CourtDistrict Court, M.D. Florida
DecidedSeptember 30, 2019
Docket2:16-cv-00300
StatusUnknown

This text of Hyppolite v. United States (Hyppolite v. United States) is published on Counsel Stack Legal Research, covering District Court, M.D. Florida primary law. Counsel Stack provides free access to over 12 million legal documents including statutes, case law, regulations, and constitutions.

Bluebook
Hyppolite v. United States, (M.D. Fla. 2019).

Opinion

UNITED STATES DISTRICT COURT MIDDLE DISTRICT OF FLORIDA FORT MYERS DIVISION

JOPHANEY HYPPOLITE,

Petitioner,

v. Case No: 2:16-cv-300-FtM-29NPM Case No. 2:11-CR-97-FTM-29CM UNITED STATES OF AMERICA,

Respondent.

OPINION AND ORDER This matter comes before the Court on Petitioner Jophaney Hyppolite’s (Petitioner or Hyppolite) pro se Motion Under 28 U.S.C. § 2255 to Vacate, Set Aside, or Correct Sentence by a Person in Federal Custody (Cr. Doc. #671; Cv. Doc. #1)1 and Memorandum of Law to Support (Cr. Doc. #672; Cv. Doc. #2) filed on April 21, 2016. The United States filed a Response in Opposition on May 23, 2016, to which Petitioner filed a Reply on June 8, 2016. (Cv. Docs. #8; #9). Petitioner also filed a Sworn Declaration on September 18, 2017. (Cv. Doc. #12-5). For the reasons set forth below, Petitioner’s § 2255 motion is denied. Also pending before the Court are Petitioner’s Motion to Amend (Cv. Doc. #10), Motion for Leave to Amend His Original Pending

1 The Court will refer to the underlying criminal docket, 2:11-cr- 00097-JES-CM-8, as “Cr. Doc.,” and will refer to the civil docket as “Cv. Doc.” Motion to Vacate (Cv. Doc. #11), and Third Amendment to Motion to Vacate (Cv. Doc. #12). Hyppolite’s motions to amend are granted to the extent the Court will consider these claims as set forth

below. I. Procedural History On September 5, 2012, a federal grand jury in Fort Myers, Florida returned a twelve-count Second Superseding Indictment charging Petitioner and six co-defendants with various drug offenses. (Cr. Doc. #282). Count One charged Petitioner and six others with conspiracy to manufacture, possession with intent to distribute, and distribution of 280 grams or more of cocaine base, also known as crack cocaine, in violation of 21 U.S.C. § 841(a)(1), (b)(1)(A)(iii) and 846. (Id., pp. 1-2).

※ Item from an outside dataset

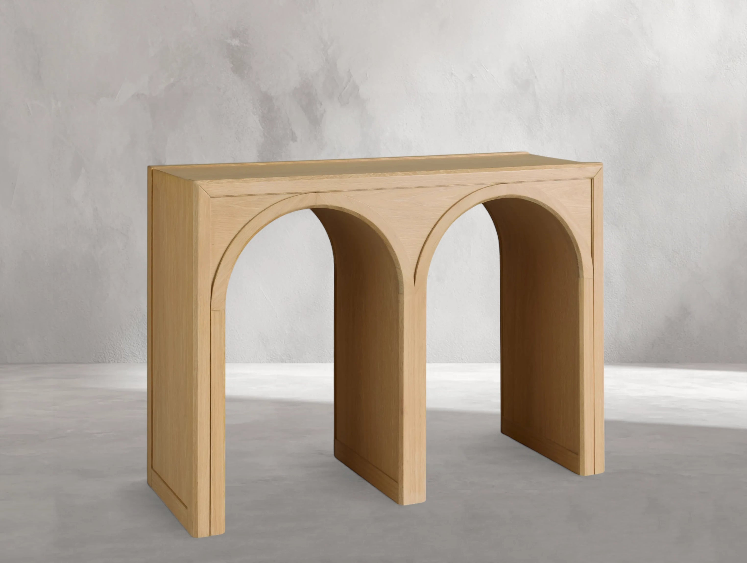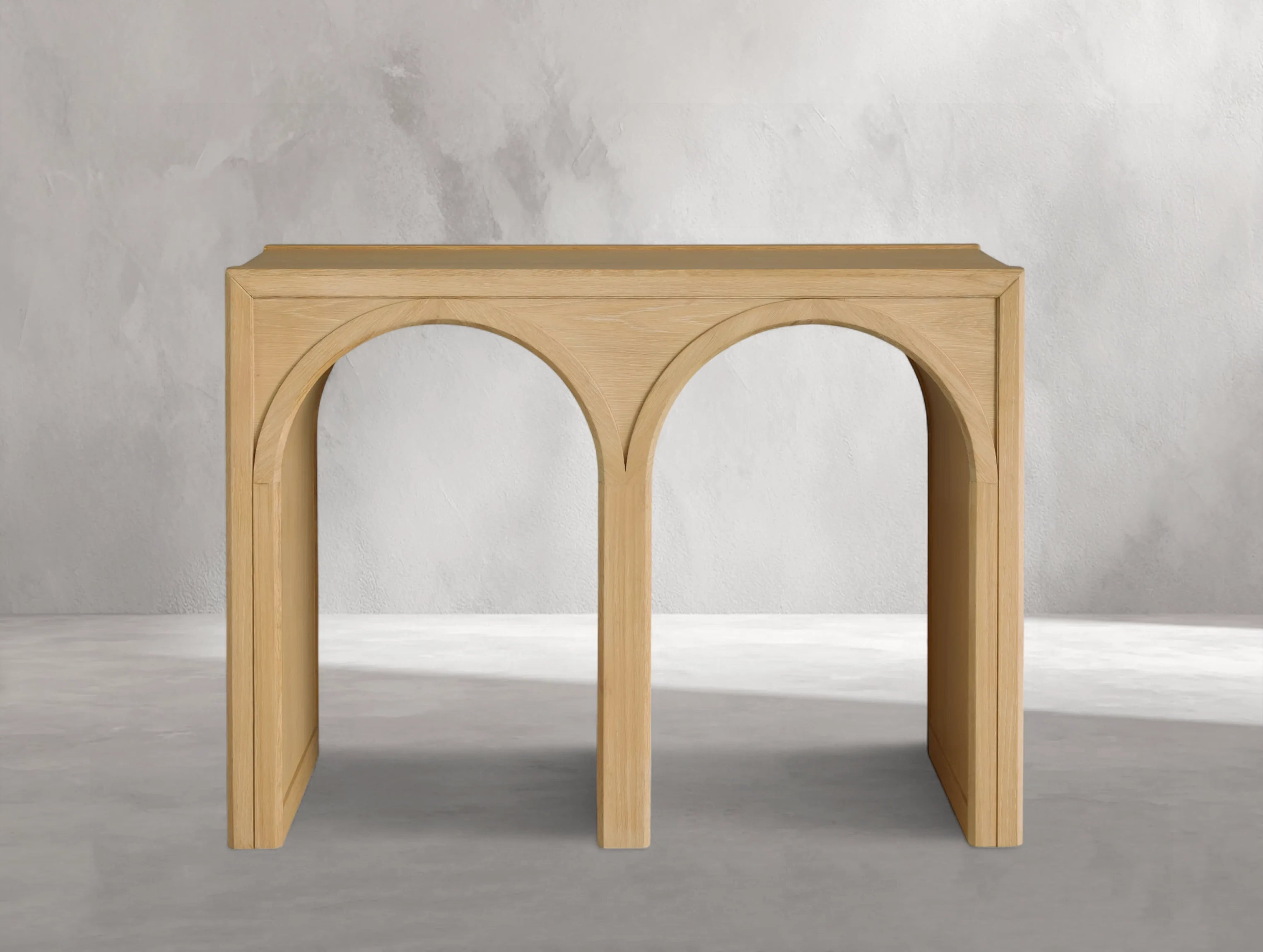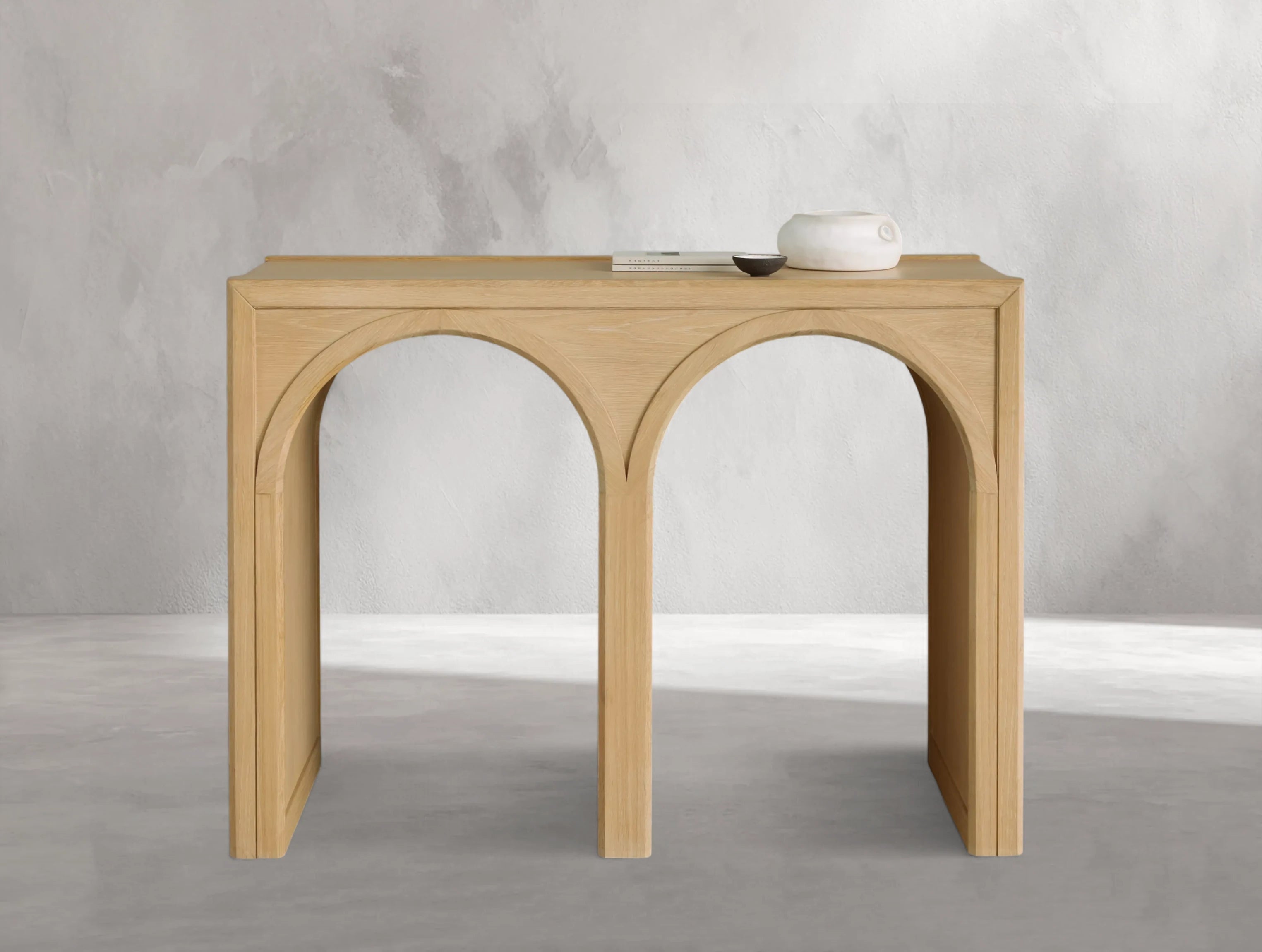 The Hottiy Console Table merges elegant curves with the refined beauty of FSC-certified European white oak, creating a statement piece with architectural charm. Expertly crafted with solid oak and premium oak veneers, each table is hand-finished to highlight the wood’s unique grain. The striking arched base features a contrasting interior finish, adding visual depth and timeless character. Perfect for an entryway, behind a sofa, or as a display surface, it combines style, craftsmanship, and versatility.

In addition to the conspiracy, Petitioner was charged in Count Six with knowing and willful distribution and aiding and abetting the distribution of

cocaine base, also known as crack cocaine, on or about June 29, 2011, in violation of 21 U.S.C. § 841(a)(1), (b)(1)(C) and 18 U.S.C. § 2. In Count Eleven, Hyppolite was charged with knowing and willful distribution and aiding and abetting the distribution of crack cocaine on or about September 27, 2011 in violation of 21 U.S.C. § 841(a)(1), (b)(1)(C). On September 14, 2012, the government filed a notice of intent to enhance Hyppolite’s sentence under 21 U.S.C. § 851 because he had at least two qualifying prior drug convictions. (Cr. Doc. #324). The Court conducted an eleven-day trial. After the

government’s case-in-chief, defense counsel moved for judgment of acquittal on Counts One, Six, and Eleven. (Cr. Doc. #497, pp. 72- 73). The Court granted the motion as to Count Six only, finding the government’s witness did not identify Hyppolite as a participant in the controlled buy on June 29, 2011. (Id., pp. 83- 84). On October 5, 2012, the jury returned a verdict finding Hyppolite guilty of Counts One and Eleven. (Cr. Doc. #383, pp. 1, 7). As to Count One, the jury found that the amount of cocaine base involved in the conspiracy was more than 280 grams. (Id., pp. 2-3). Hyppolite was sentenced on January 23, 2013. (Cr. Doc. #449). Because Hyppolite was found guilty of a conspiracy involving more

than 280 grams of cocaine based under 21 U.S.C. § 841(b)(1)(A)(iii) and had three prior felony drug convictions, he faced a mandatory term of life imprisonment. The undersigned sentenced Petitioner to a term of life imprisonment as to Count One, and 30 years of imprisonment as to Count Eleven, to be served concurrently. (Cr. Doc. #449, p. 2). In addition, the undersigned imposed a term of supervised release of ten years as to Count One and six years as to Count Eleven to run concurrently. (Id., p. 3). Petitioner filed a Notice of Appeal on January 27, 2013. (Cr. Doc. #452). On direct appeal, Hyppolite raised the following six issues: (1) there was insufficient evidence to support a conviction

for a single conspiracy under Count One; (2) he was denied due process due to the particular informants who participated in the government’s investigation; (3) the district court failed to provide a multiple conspiracy jury instruction and submit a special verdict for finding individual drug quantity attributable to Hyppolite; (4) the district court erred in imposing the drug premises enhancement; (5) the district court erred in imposing the manager role enhancement; and (6) the government’s 21 U.S.C. § 851 notice was defective, misleading, and unconstitutional. (See Appellant’s Br., United States v. Hyppolite, 13-10471 (11th Cir. Nov. 25, 2013)). On June 25, 2015, the Eleventh Circuit affirmed Petitioner’s convictions. See United States v. Hyppolite, 609 F.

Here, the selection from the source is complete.